Corporate misconduct can cost outside directors seats on other boards

Wednesday, 17 November 2010 23:34 -     - {{hitsCtrl.values.hits}}

In addition to potential legal and reputational liability, the outside directors of companies that become involved in corporate misconduct lawsuits risk losing opportunities to serve on other boards, according to a report released recently by The Conference Board (http://www.conference-board.org).

The report, Corporate Misconduct and the Market for Directorships, is the most recent installment of The Conference Board Director Notes series. It analyses the changes in directorships held by outside board members of 113 public companies involved in a shareholder class-action lawsuit alleging the misrepresentation of information to investors.  



The study, analysing the period 1996-2005, tracks directorship changes for three years after the initiation of litigation to account for staggered director elections, and uses information from proxy statements to identify director turnover.

“With corporate board responsibilities increasing, most directors are preoccupied with the potential legal liability arising from performance of their duties,” said Matteo Tonello, Director of Corporate Governance Research at The Conference Board.

“This study sheds new light on the equally important reputational risks of having your name associated with a company investigated or sued for fraud or financial misrepresentation, and reinforces the need for sound risk management.” Within three years of litigation, 83.2 percent of outside directors remain on the board of the public company involved in the lawsuit, the study found.

Related research shows that outside directors in firms involved in litigation do not appear to turn over any more frequently than the average among all outside directors.

However, outside directors whose companies are involved in litigation appear to experience reduced opportunities to serve on other companies’ boards.

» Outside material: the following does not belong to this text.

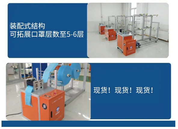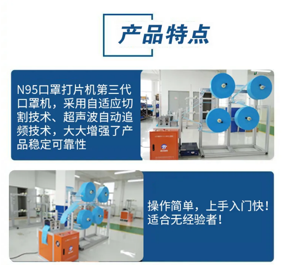N95口罩機【第三代增強穩定型】 型號:LB-MMN95-3.0 產量:40-70片/分鐘,6-10萬片/天 電壓:220V 功率:3300W 尺寸:2.6*0.9*1.8M 重量:200KG 層數:4層,裝配式機架,方便增加卷盤,可以支持5層,6層 設備組成: N95口罩打片機(含鼻梁條機) N95口罩封邊機 N95口罩耳帶焊接機

 The average number of board seats held by these individuals at other companies drops from 0.95 in the year prior to the litigation to 0.47 three years after the suit is filed. More specifically, within three years:

96.3 percent of directors who hold one board position in addition to the seat on the sued firm’s board lose the additional directorship.  

79.2 percent of directors who hold two other board positions lose both other directorships.

48.6 percent of directors who hold three or more other board positions lose all directorships.

 “For these reasons, the due diligence performed by directors on current and prospective board positions should extend not only to legal liability exposure but also to the possibility of losing valuable opportunities for board membership at other firms,” says Jason Schloetzer, Assistant Professor of Accounting at Georgetown University’s McDonough School of Business and author of The Conference Board report.

“In the current litigation environment, it is particularly important for the board to demonstrate to shareholders (and the judicial system) that any failure to prevent or discover corporate misconduct took place in spite of the rigorous performance by the board of its oversight duties, including the establishment of a state-of-the-art compliance program.”